A AK-47 quer matar, mas não dá tempo. Então gargalha, por Rui Daher

A Peste

por Rui Daher

Já mencionei a profundidade dos textos políticos postados neste GGN. Nem é preciso citar nosso anfitrião. Seu jornalismo, por onde andou, sempre foi afinado como seu bandolim. Com isso, este mero botequineiro se retrai e usa no Face “O Fígado Diário”, sucursal do BRD, Blog-Boteco do Rui Daher, para alguns disparos, infelizmente, não letais.

Depois daquela sessão grotesca no Congresso Nacional, pensei que somente a galhofa seria capaz de nos salvar. A esquerda tem excepcional histórico de saber esculachar a direita. Errei. Surpreende a capacidade inata dos que aí estão a louvar o medíocre, com a vantagem da autenticidade. Não precisam se esforçar, simplesmente são. As merdas que falam e fazem saem das profundas de suas almas. Como, então, concorrer? Desisto e torno real a AK-47? Repenso. Melhor aproveitar os anos que restam divertindo-me com a burrice.

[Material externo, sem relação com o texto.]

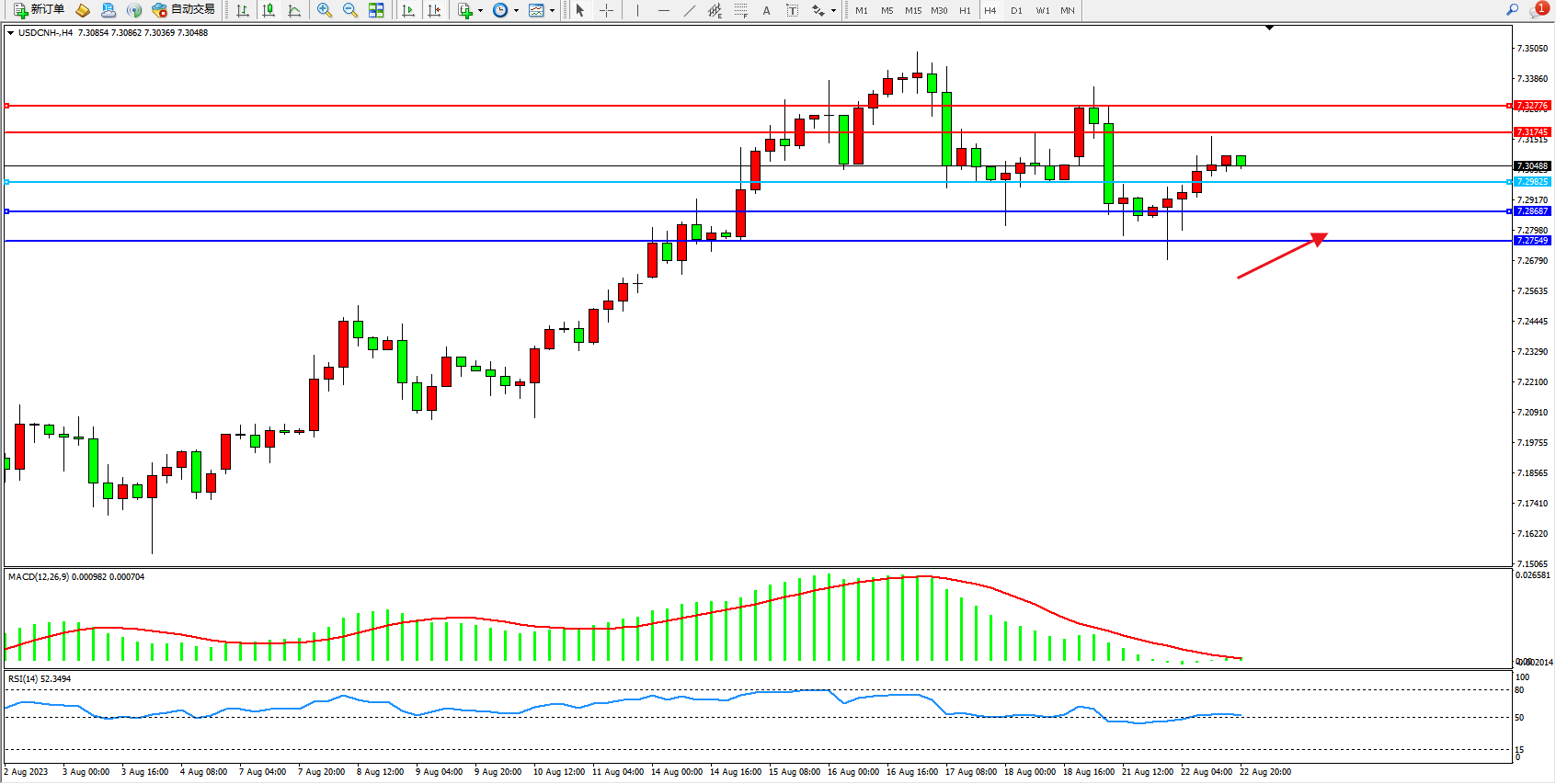 交易策略:7.29825上方看涨,目标7.31745 7.32776

Agora, recente, saindo do forno, Roberto Freire, no ministério da Cultura. Não é demais? Achei ótimo. Ele é comunista. Como? Não é mais? Mudou? Desacredito. De onde vêm aqueles rancor e rezingão que só comunistas sabem expressar? Foi candidato a presidente, em 1989, com campanha financiada a partir da ex-União Soviética.

Meu Deus! Como explicar tal indicação àquela senhora de óculos que confunde a bola vermelha japonesa e as bolas de cervejeiros belgas, praianos de Copacabana? Se o hospício continuar crescendo nessas proporções o deboche da minha AK-47 será inócuo.

Vivo curioso em relação ao que pensam os amigos inteligentes, bem informados, que apoiaram o golpe que depôs Dilma Rousseff. Conformam-se na constatação diária, muitas vezes horária, dos disparates cometidos pelo governo ‘urso-parador’ de Michel Temer? Aliviam-se comparando com as gafes do “metalúrgico analfabeto” e sua cafonice ABCD paulista?

Ou estão gostando, de acordo, fingem que não veem? Verdade que Veja, Isto É, Época, Globo, Folha, Estadão, Valor, resolveram aliviar suas danações políticas. Vez ou outra, soltam um lembrete sobre a corrupção generalizada, não sem bater na tecla de um culpado só, pensando assim tirá-lo do protagonismo político.

O esperneio ambulatório de Garotinho e a careca Bangu de Cabral, gravado em tons dramáticos pela Rede Globo, o que seriam se não “Não vem que não tem. Curitiba fuzila a todos. Só poupamos tucanos, amantes dos pássaros que somos”. Aproxima-se ‘Hora do Molusco’, etapa 30.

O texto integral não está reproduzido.